First-principles study of magnetization relaxation enhancement and spin-transfer in thin magnetic films

TL;DR

This study uses first-principles calculations to analyze how interfaces in thin ferromagnetic films affect magnetization damping and spin transfer, revealing that interface effects dominate these phenomena with minimal interference effects.

Contribution

It provides a detailed first-principles analysis of interface-induced magnetization damping and spin transfer in thin ferromagnetic films, highlighting the small interference effects and the real-valued nature of mixing conductances.

Findings

Interference effects are very small due to short magnetic coherence length.

Spin pumping can be modeled by increased Gilbert damping without changing gyromagnetic ratio.
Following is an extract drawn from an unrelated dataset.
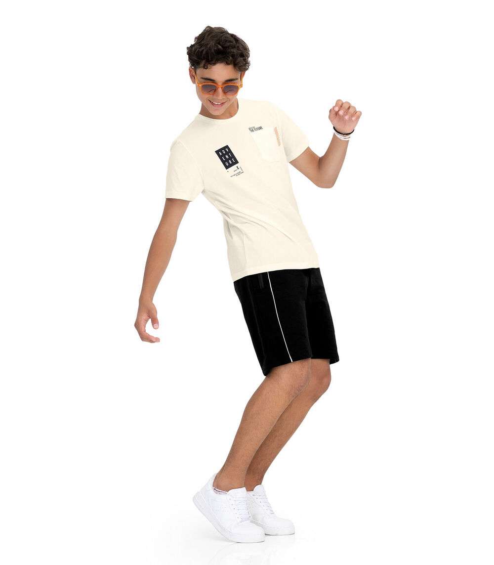 Camiseta Juvenil Masculina Com Bolso Minty Bege

Spin-current induced torque is primarily an interface phenomenon.

Abstract

The interface-induced magnetization damping of thin ferromagnetic films in contact with normal-metal layers is calculated from first principles for clean and disordered Fe/Au and Co/Cu interfaces. Interference effects arising from coherent scattering turn out to be very small, consistent with a very small magnetic coherence length. Because the mixing conductances which govern the spin transfer are to a good approximation real valued, the spin pumping can be described by an increased Gilbert damping factor but an unmodified gyromagnetic ratio. The results also confirm that the spin-current induced magnetization torque is an interface effect.